Laufey’s rapid ascent has led some to anoint her as jazz’s savior. This, in turn, has angered jazz musicians who feel she isn’t doing enough to engage with the genre’s varied history or boundary-pushing present. Laufey brushes off both the crown and the criticism. “That’s where things have gotten convoluted—people saying I’m the ‘savior of jazz.’ I don’t consider my music jazz. I record jazz standards, I can be a jazz singer, but 90% of what I put on my albums is not jazz music,” she says.

Conversely, she fiercely defends her bona fides and her right to engage with a genre that often feels like it has protective walls around it. “I think it’s really easy to point at a young woman and say she doesn’t know what she’s talking about,” she says. “But I know I’ve studied this enough to understand exactly what it is.”

While Bewitched relied on classical and acoustic instruments, Laufey says her upcoming record will be more “daring,” mix genres more fluidly, and expand her sonic palette with newer sounds. “I want to see if I can keep the integrity of my music but also allow myself to try out a bit of what modern technology allows,” she says.

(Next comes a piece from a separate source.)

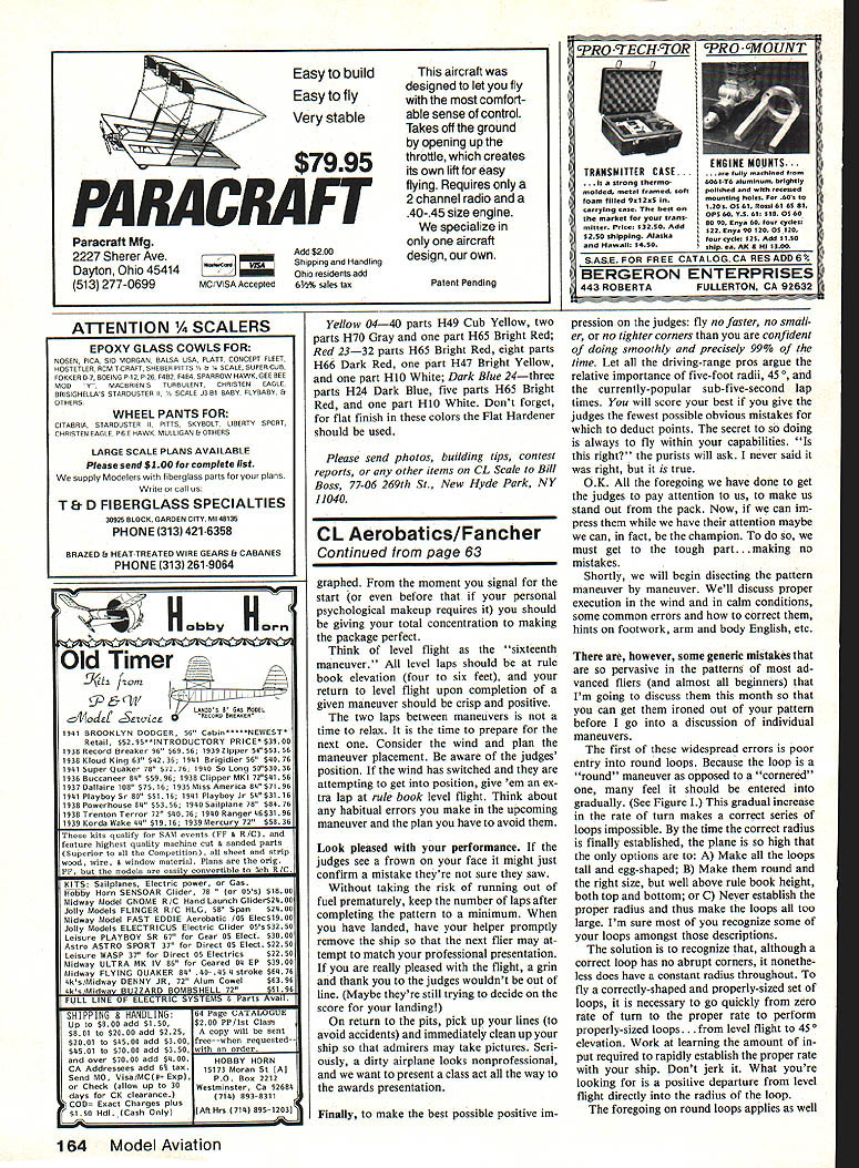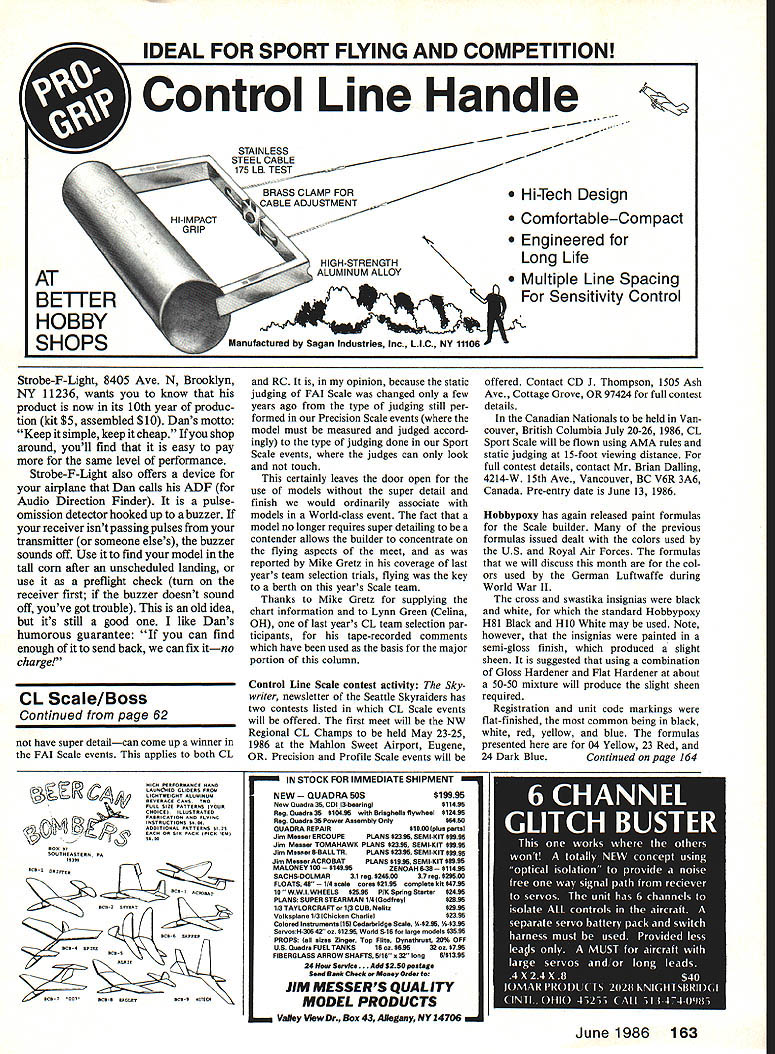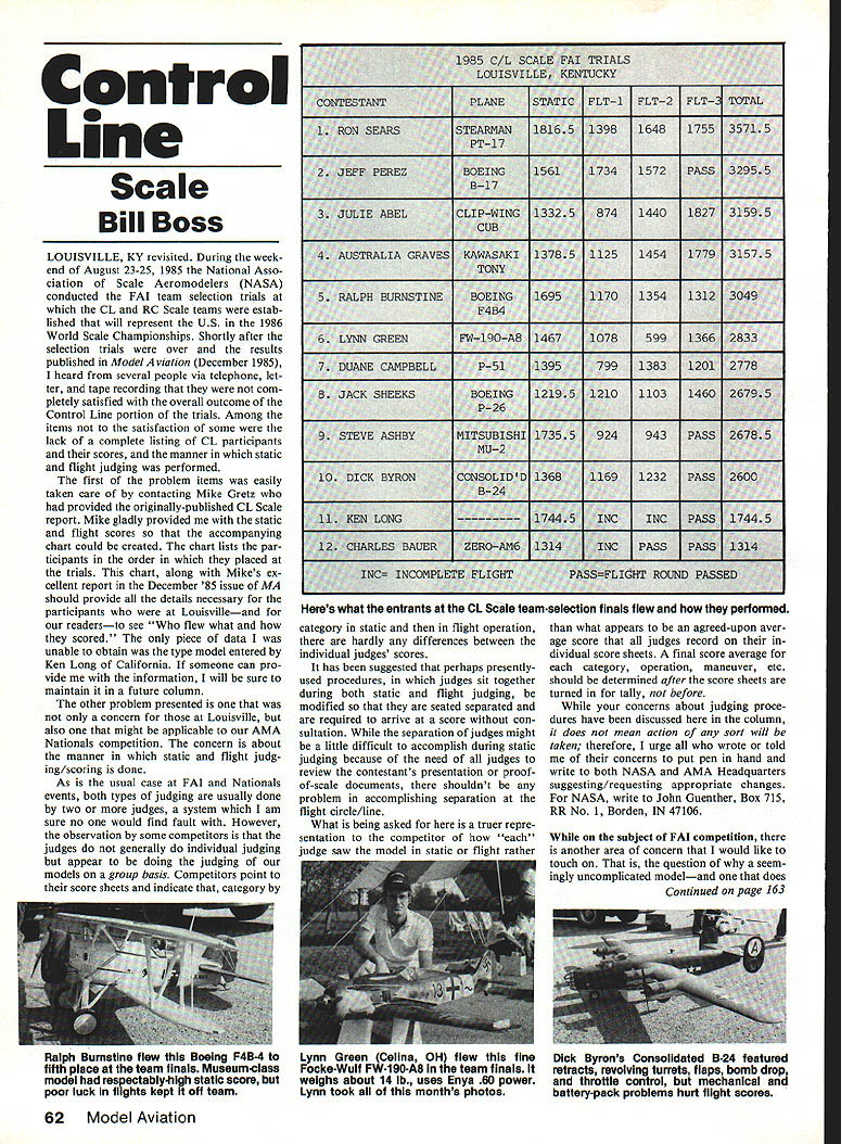 Control7 Line Scale Bill Boss LOUISVILLE KY revisited During week end August 23-25 1985 National Asso ciation Scale Aeromodelers NASA conducted FAI team selection trials CL RC Scale teams estab lished will represent US 1986 World Scale Championships Shortly after selection trials over results published ModelAviation December 1985 heard several people via telephone let ter tape recording com pletely satisfied overall outcome Control Line portion trials Among items satisfaction some lack complete listing CL participants scores manner static flight judging performed first problem items easily taken care contacting Mike Gretz provided originally-published CL Scale report Mike gladly provided static flight scores accompanying chart could created chart lists par ticipants order placed trials chart along Mikes ex cellent report December 85 issue MA should provide details necessary participants Louisvilleand readersto see flew what scored piece data unable obtain type model entered Ken Long California someone can pro vide information will sure maintain future column other problem presented concern Louisville also might applicable AMA Nationals competition concern about manner static flight judg ing/scoring done As usual case FAI Nationals events both types judging usually done two judges system am sure no would find fault However observation some competitors judges generally individual judging appear doing judging models group basis Competitors point score sheets indicate category 1572 1440 1454 1354 599 1383 1103 943 1232 INC ES BAUER INCOMPLROUND Heres what entrants CL Scale team-selection finals flew performed category static flight operation hardly differences between individual judges scores has suggested perhaps presentlyused procedures judges sit together during both static flight judging modified seated separated required arrive score con sultation separation judges might little difficult accomplish during static judging because need judges review contestants presentation proofof-scale documents shouldnt problem accomplishing separation flight circle/line What being asked truer repre sentation competitor judge saw model static rather what appears agreed-upon aver age score judges record dividual score sheets final score average category operation maneuver etc should determined after score sheets turned tally before concerns about judging proce dures have discussed column does mean action Sort will taken therefore urge wrote told concerns put pen hand write both NASA AMA Headquarters suggesting/requesting appropriate changes NASA write John Guenther Box 715 RR No 1 Borden IN 47106 62 Model Aviation IALS CItY LT1 FLT2 3981648 RS EREZ lABEL BURNSTINE REEN CAI4PBELL HEEKS ASHBY BYRON subject FAI competition another area concern would like touch question seem ingly uncomplicated modeland does Continued page 163 Ralph Bumatine flew BoeIng F4B-4 fifth plac team finals Museum-class model resably-high static score poor luck flights kept off team Lynn Green Celina OH flew fine Dick Byrons Consolidated B-24 featured Focke-WuIf FW190-A8 team finals retracts revolving turrets flaps bomb drop weighs about 14 lb uses Enya 60 power throttle control mechanical Lynn took months photos battery-pack problems hurt flight scores IDEAL FOR SPORT FLYING AND COMPETITION Control Line Handle STAINLESS STEEL CABLE 175 LB TEST~ S CLAMP FOR ABLE ADJUSTMENT Hi-Tech Design ComfortableCompact HIGH-STRENGTHLine ALUMINUM ALLOYMultipleSpacing Manufactured Sagan Industries Inc LIC NY 111A.or Sensitivity Control Engineered Long Life Strobe-F-Light 8405 Ave N Brooklyn NY 11236 wants know product now its 10th year produc tion kit $5 assembled $10 Dans motto Keep simple keep cheap Ifyou shop around youll find easy pay same level performance Strobe-F-Light also offers device airplane Dan calls ADF Audio Direction Finder pulseomission detector hooked up buzzer receiver isnt passing pulses transmitter someone elses buzzer sounds off Use find model tall corn after unscheduled landing use preflight check turn receiver first buzzer doesnt sound off youve got trouble old idea its still good like Dans humorous guarantee can find enough send back can fix itno charge CL Scale/Boss Continued page 62 have super detailcan come up winner FAI Scale events applies both CL RC opinion because static judging FAI Scale changed few years ago type judging still per formed Precision Scale events model must measured judged accord ingly type judging done Sport Scale events judges can look touch certainly leaves door open use models super detail finish would ordinarily associate models World-class event fact model no longer requires super detailing contender allows builder concentrate flying aspects meet reported Mike Gretz coverage last years team selection trials flying key berth years Scale team Thanks Mike Gretz supplying chart information Lynn Green Celina OH last years CL team selection par ticipants tape-recorded comments have used basis major portion column Control Line Scale contest activity Sky writer newsletter Seattle Skyraiders has two contests listed CL Scale events will offered first meet will NW Regional CL Champs held May 23-25 1986 Mahion Sweet Airport Eugene OR Precision Profile Scale events will offered Contact CD J Thompson 1505 Ash Ave Cottage Grove OR 97424 full contest details Canadian Nationals held Van couver British Columbia July 20-26 1986 CL Sport Scale will flown using AMA rules static judging 15-foot viewing distance full contest details contact Mr Brian Dalling 4214-W 15th Ave Vancouver BC V6R 3A6 Canada Pre-entry date June 13 1986 Hobbypoxy has again released paint formulas Scale builder previous formulas issued dealt colors used US Royal Air Forces formulas will discuss month col ors used German Luftwaffe during World War II cross swastika insignias black white standard Hobbypoxy H81 Black HiD White may used Note however insignias painted semi-gloss finish produced slight sheen suggested using combination Gloss Hardener

Plenty of artists have gotten in trouble with their fans for expanding their sense of self and trying new modes of expression. This sort of experimentation might be especially challenging for some Laufey fans who view her music as purely a nostalgia act. But if there’s anything she has learned in the past few years, it’s the importance of refusing to be boxed into categories. “The fact that the jazz and classical worlds seem to struggle with the idea of an artist being both commercially successful and musically interesting—it breaks my heart a little,” Laufey says. “Why can’t I be both?”